#### TASK MATERIAL

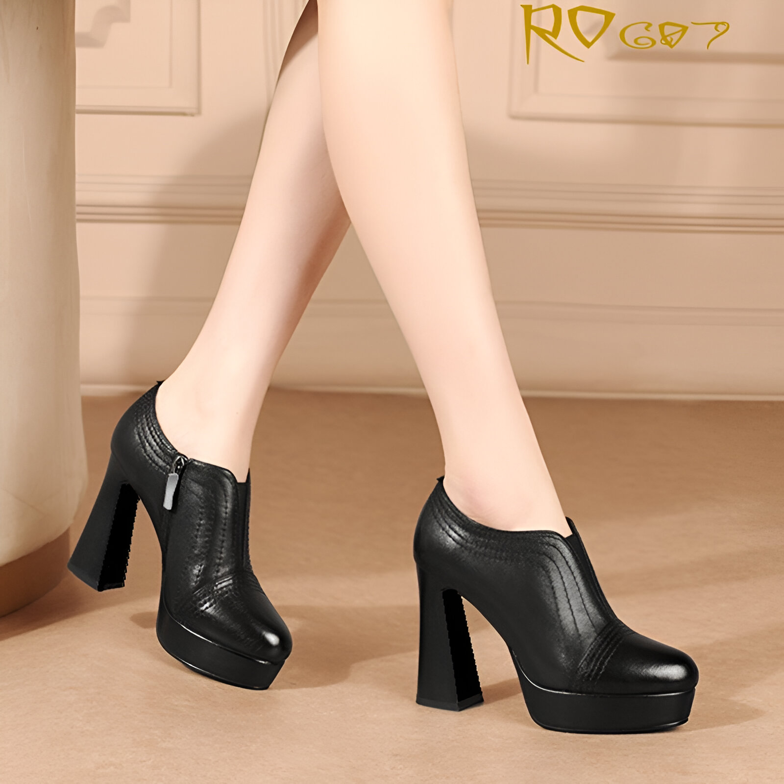 Giày boot bốt nữ cổ thấp 9 phân hàng hiệu rosata màu đen thời trang cao cấp ro607
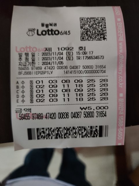 그 때 재밌었던건 내가 스쿠터를 끌면서 로또 번호를 적고 있었다 ㅋㅋㅋㅋ
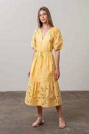 This midi dress features a split neckline and short puff sleeves for a stylish look. It also has an elastic waist band and waist tie detail to create a flattering silhouette. The eyelet detail adds a touch of elegance, while the 100% cotton material ensures comfort. Perfect for any occasion, this dress is not lined and comes in a solid color.
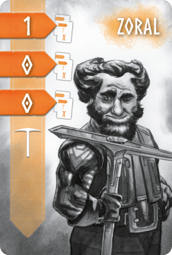 - les nain.e.s oranges sont des mineur.euse.s : ils/elles rapporteront autant de PB que la somme de leur valeur multipliée par leur nombre de grades. Pour compenser cet effet extraordinairement puissant, la plupart de ces cartes ont une valeur… de 0, tandis qu’on se battra pour chaque mineur.euse arborant 1 seul point !
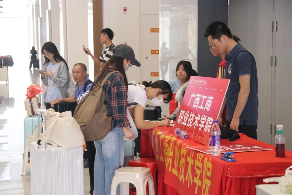為了確保每位新生都能順利報到,迎新日當(dāng)天,學(xué)校精心組織了由教師和學(xué)生志愿者組成的迎接團隊。他們早早守候在各大火車站、汽車站和地鐵站,手持“廣西工商職業(yè)技術(shù)學(xué)院”的醒目標(biāo)識牌,以最溫暖的笑容和最真摯的熱情,迎接每一位遠道而來的新生及家長,引導(dǎo)他們前往學(xué)校。
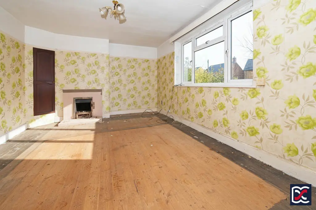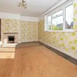A generously proportioned reception room centred on an open fireplace with an original 1950s tiled surround and matching hearth. The room retains exposed floorboards and picture rails, with walls currently finished in embossed paper. Natural light is provided by a double-glazed window to the front elevation, and a panelled door opens through to the kitchen.
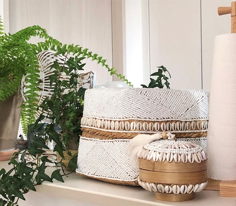 マクラメ編みのかごに本物のシェルがあしらわれているのが素敵ですよね!
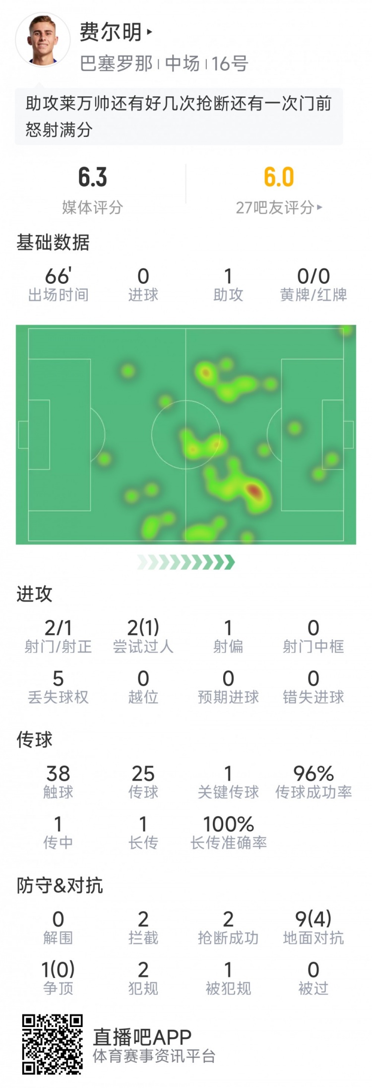 1月12日讯 在西超杯决赛巴萨对阵皇马的比赛中,费尔明送出助攻,以下为他在本场数据:

########

EXERCISE DIRECTIONS
Each record should be printed again precisely, though not its pictures.

RESULT OF THE TASK
 Giày boot bốt nữ cổ thấp 9 phân hàng hiệu rosata màu đen thời trang cao cấp ro607
 그 때 재밌었던건 내가 스쿠터를 끌면서 로또 번호를 적고 있었다 ㅋㅋㅋㅋ
 This midi dress features a split neckline and short puff sleeves for a stylish look. It also has an elastic waist band and waist tie detail to create a flattering silhouette. The eyelet detail adds a touch of elegance, while the 100% cotton material ensures comfort. Perfect for any occasion, this dress is not lined and comes in a solid color.
 - les nain.e.s oranges sont des mineur.euse.s : ils/elles rapporteront autant de PB que la somme de leur valeur multipliée par leur nombre de grades. Pour compenser cet effet extraordinairement puissant, la plupart de ces cartes ont une valeur… de 0, tandis qu’on se battra pour chaque mineur.euse arborant 1 seul point !
為了確保每位新生都能順利報到,迎新日當(dāng)天,學(xué)校精心組織了由教師和學(xué)生志愿者組成的迎接團隊。他們早早守候在各大火車站、汽車站和地鐵站,手持“廣西工商職業(yè)技術(shù)學(xué)院”的醒目標(biāo)識牌,以最溫暖的笑容和最真摯的熱情,迎接每一位遠道而來的新生及家長,引導(dǎo)他們前往學(xué)校。
A generously proportioned reception room centred on an open fireplace with an original 1950s tiled surround and matching hearth. The room retains exposed floorboards and picture rails, with walls currently finished in embossed paper. Natural light is provided by a double-glazed window to the front elevation, and a panelled door opens through to the kitchen.
 マクラメ編みのかごに本物のシェルがあしらわれているのが素敵ですよね!
 1月12日讯 在西超杯决赛巴萨对阵皇马的比赛中,费尔明送出助攻,以下为他在本场数据:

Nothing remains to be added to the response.